Towards real-time fall detection with lightweight vision-based networks
摘要
In vision-based elderly fall detection, complex backgrounds, occluded body regions, scale variations, and redundant feature computation can lead to missed detections, false detections, and reduced inference efficiency. This study presents FallLite-YOLO, a lightweight detector built on the YOLOv11n architecture for real-time elderly fall detection. First, C3K2-SimAM, a three-dimensional neuron attention module, is introduced into the proposed network through a parameter-free attention formulation. This module enhances the separability between fall-related features and background clutter, thereby reducing missed and false detections.

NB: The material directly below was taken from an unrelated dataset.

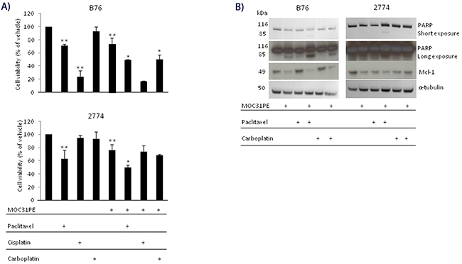 Figure 1: MOC31PE in combination with paclitaxel causes additive cytotoxicity in vitro. (A) B76 and 2774 cells were incubated with paclitaxel (50 nM) and/or carboplatin (100 µM) and/or cisplatin (33 µM) and/or MOC31PE (10 ng/ml) for 24 h. Cell viability is expressed as a percentage (mean {plus minus} SD) of the value obtained in vehicle treated cells. The assays were performed in triplicate, and repeated at least three times. **; p<0.05 compared to vehicle treated cells, *; p<0.05 compared to monotherapies. (B) Western immunoblots of cell lysates from B76 and 2774 cells treated for 24 h with MOC31PE (10 ng/ml) and/or paclitaxel (50 nM) and/or carboplatin (100 µM). The 116- and 85-kDa bands represent the uncleaved and cleaved versions of PARP, respectively.

Second, BiFPN-ECA, a multi-scale feature fusion attention module, is incorporated to perform bidirectional cross-scale fusion and local channel attention calibration. This design improves the model’s ability to capture fall-related features across different image scales. In addition, GhostNetV2 is adopted as a lightweight backbone to reduce redundant feature computation while preserving effective feature representation. Experimental results show that, compared with YOLOv11n, FallLite-YOLO improves mAP@0.5 by 3.07%, while reducing the number of parameters and FLOPs by 31.67% and 12.12%, respectively. FallLite-YOLO also improves FPS by 7.44% on the tested GPU-equipped workstation, indicating better real-time inference efficiency at the workstation level.